**Task to complete**
Please set down each record exactly as it appears, but leave out any pictures.
● ● ●
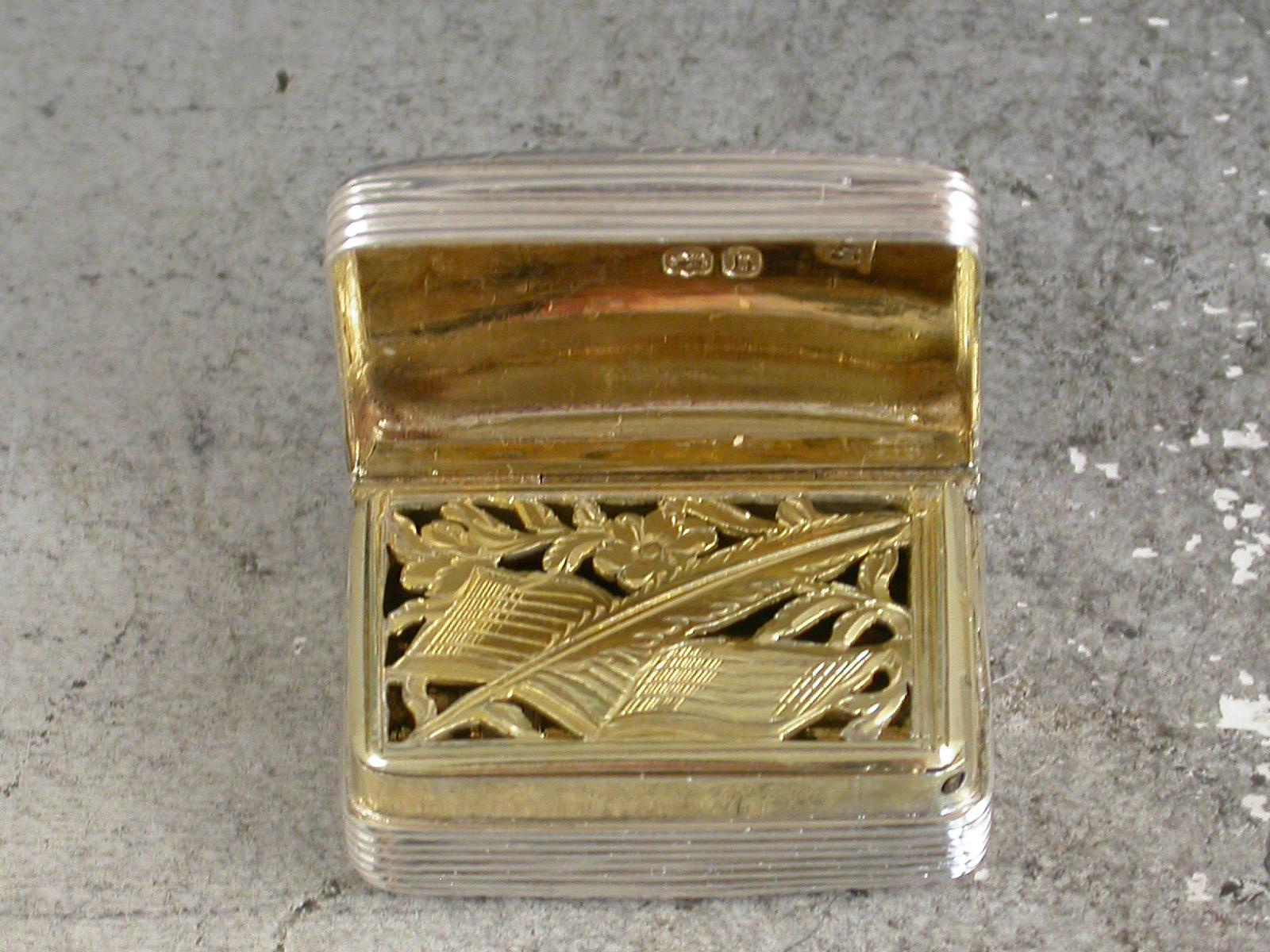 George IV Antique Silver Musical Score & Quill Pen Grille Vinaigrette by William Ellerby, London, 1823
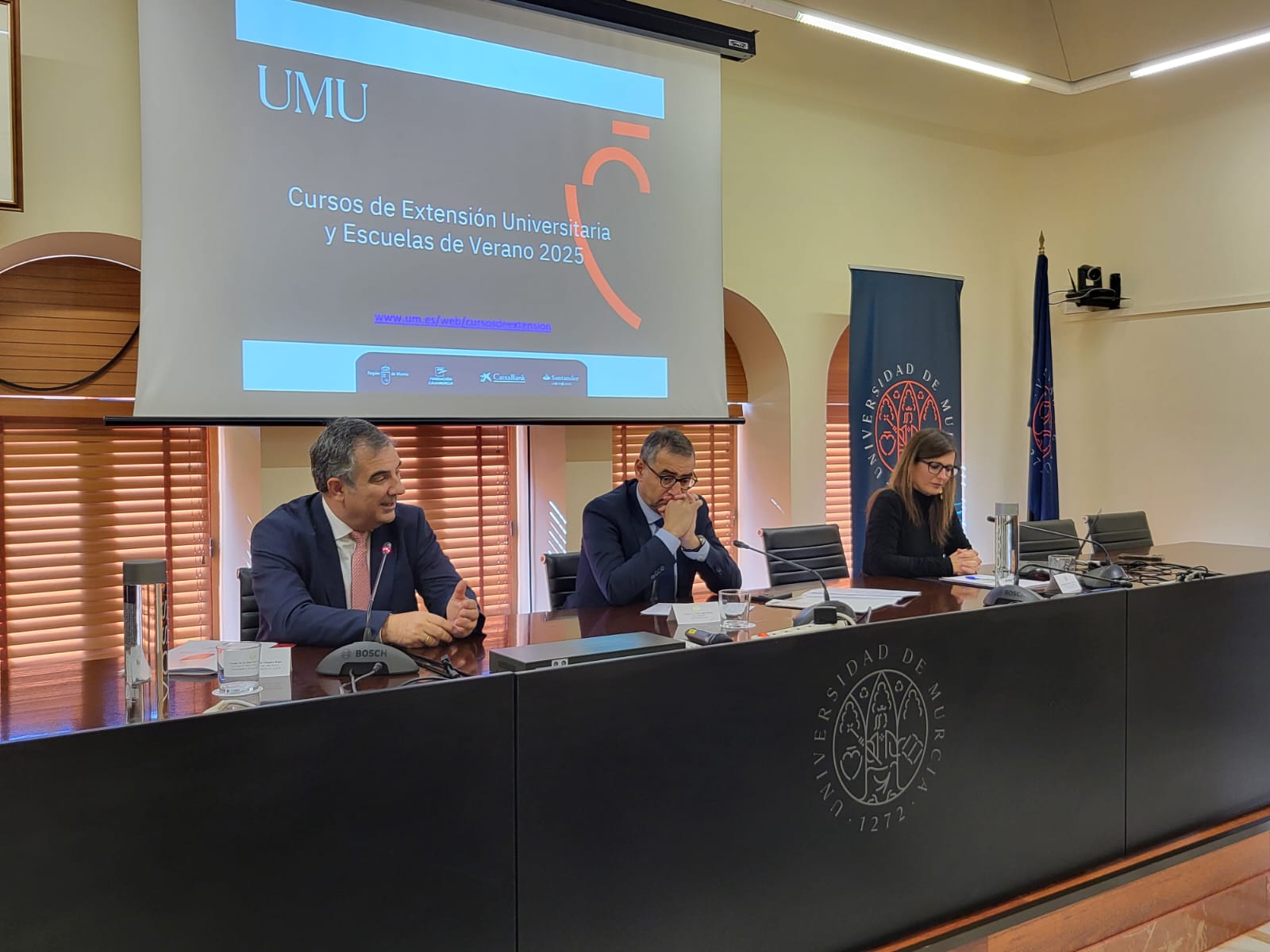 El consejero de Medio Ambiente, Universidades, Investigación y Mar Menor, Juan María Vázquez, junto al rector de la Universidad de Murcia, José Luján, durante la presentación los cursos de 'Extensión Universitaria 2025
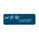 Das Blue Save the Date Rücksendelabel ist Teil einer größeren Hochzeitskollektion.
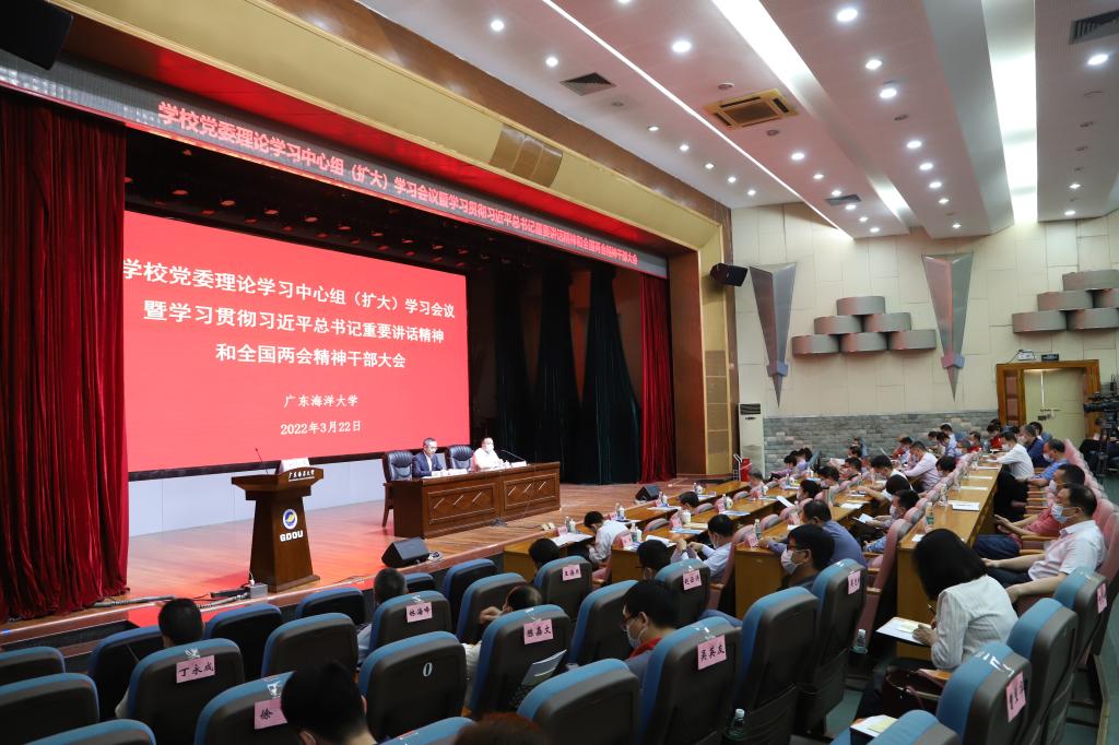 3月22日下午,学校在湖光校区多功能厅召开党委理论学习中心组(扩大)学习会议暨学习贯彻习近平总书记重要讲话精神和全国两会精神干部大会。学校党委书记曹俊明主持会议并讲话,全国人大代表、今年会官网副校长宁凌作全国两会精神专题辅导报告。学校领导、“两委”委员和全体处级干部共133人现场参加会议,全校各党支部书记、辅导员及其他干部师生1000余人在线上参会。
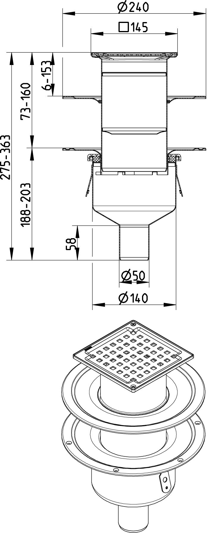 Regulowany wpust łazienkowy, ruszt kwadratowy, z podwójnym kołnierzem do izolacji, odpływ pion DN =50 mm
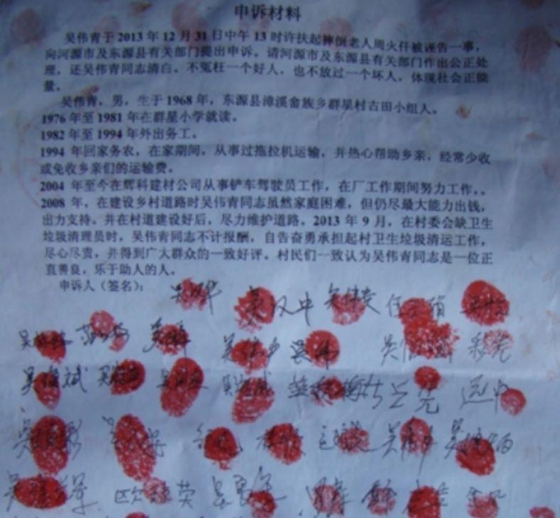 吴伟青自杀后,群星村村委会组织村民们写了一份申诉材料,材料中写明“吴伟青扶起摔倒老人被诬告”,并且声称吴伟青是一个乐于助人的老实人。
● ● ●
**Exercise result**
 George IV Antique Silver Musical Score & Quill Pen Grille Vinaigrette by William Ellerby, London, 1823
 El consejero de Medio Ambiente, Universidades, Investigación y Mar Menor, Juan María Vázquez, junto al rector de la Universidad de Murcia, José Luján, durante la presentación los cursos de 'Extensión Universitaria 2025
 Das Blue Save the Date Rücksendelabel ist Teil einer größeren Hochzeitskollektion.
 3月22日下午,学校在湖光校区多功能厅召开党委理论学习中心组(扩大)学习会议暨学习贯彻习近平总书记重要讲话精神和全国两会精神干部大会。学校党委书记曹俊明主持会议并讲话,全国人大代表、今年会官网副校长宁凌作全国两会精神专题辅导报告。学校领导、“两委”委员和全体处级干部共133人现场参加会议,全校各党支部书记、辅导员及其他干部师生1000余人在线上参会。
 Regulowany wpust łazienkowy, ruszt kwadratowy, z podwójnym kołnierzem do izolacji, odpływ pion DN =50 mm
 吴伟青自杀后,群星村村委会组织村民们写了一份申诉材料,材料中写明“吴伟青扶起摔倒老人被诬告”,并且声称吴伟青是一个乐于助人的老实人。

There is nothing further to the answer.